Groundwater is the largest liquid source of freshwater on our planet. It provides drinking water for billions of people and supports over 40% of food production worldwide. Yet because it is hidden beneath the surface, changes in groundwater are rarely observed and often overlooked. These changes matter: the sustainability of our food supply depends not only on how much groundwater exists, but also on how deep it is. Water table depth, or how far water is from the surface, can vary by orders of magnitude over short distances, sometimes just tens of meters. Despite this known behavior, we lack large-scale high-resolution groundwater mapping.

AI Fills Critical Gaps in Groundwater Datasets

Previous efforts to understand groundwater at continental to global scales relied on physically-based hydrological models with resolutions coarser than 1 km or on indirect remote sensing products. While these approaches provide valuable insights, the scales of human and natural groundwater systems mismatch those captured by models and remote sensing, leaving data gaps at important scales most relevant for agriculture and local decision making. 

In this study, we produced a 1 arcsecond (~ 30 m) resolution water table depth dataset over the contiguous United States using a random forest model based on nearly one million groundwater observations and ten spatially gridded climatological and hydrogeological inputs. This dataset represents our highest resolution estimate of accessible freshwater to date, incorporating groundwater pumping and quantified uncertainty. It reveals, with unprecedented detail, the connections between groundwater and surface water across the United States. The dataset is publicly available via the HydroGEN platform  and the HydroData repository, and is ready for use by hydrologists, geochemists, and policymakers in groundwater studies ranging from local to continental scales.

Estimates Reveal More Shallow Groundwater Than Previously Suggested

Using this high-resolution dataset, we show that one third of the land area of the United States has water table depths less than 10 m (critical for vegetation interactions) and 15 % of the United States has water shallower than 5 m (important for interactions with surface water). These critical shallow groundwater areas are systematically underestimated at the coarser resolutions provided by remote sensing or global models, leading to missed representation of key processes such as drought resilience, flood risk, climate buffering, and riparian ecosystem dynamics that depend on water table depth.

Pathways to global-scale high-resolution groundwater mapping

Over the past decade, several physically-based groundwater models have been developed at global scales, advancing our understanding of groundwater’s role in the Earth system.
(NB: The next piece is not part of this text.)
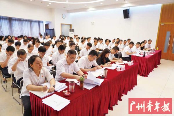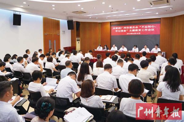 本报讯(记者 谭苏铭 摄影 黄宇帆)6 月 10 日上午,团广州市委召开“不忘初心、牢记使命”主题教育工作会议。市委第七组巡回指导组组长聂贵新及其他指导组成员,团市委书记徐柳,副书记孙柱、王婵娟、叶兴仁、高洪祥出席会议,团市委党组成员、团市委机关全体党员以及各直属单位副处级以上领导干部共 92 人参加会议。会上,团市委党组书记徐柳作主题教育动员部署讲话,市委第七组巡回指导组组长聂贵新作指导讲话,与会人员深入学习并结合青年和共青团工作展开分组研讨。

Due to computational constraints, running physically-based simulations at resolutions higher than 1 km remains challenging, limiting their ability to capture finer-scale groundwater changes that are important for agriculture and local water management. 

This study demonstrates that AI can overcome these traditional computational limitations to produce high-resolution groundwater maps at large scales. In data-rich regions similar to the United States, the workflow can be readily adapted to the study area. In regions with sparse observations, transfer learning can be applied to leverage knowledge from data-rich areas, enabling high-resolution groundwater estimation even in data-scarce domains. Together, these approaches provide a unique opportunity to achieve global-scale high-resolution groundwater mapping, offering critical insights for water management, ecological research, and policy planning.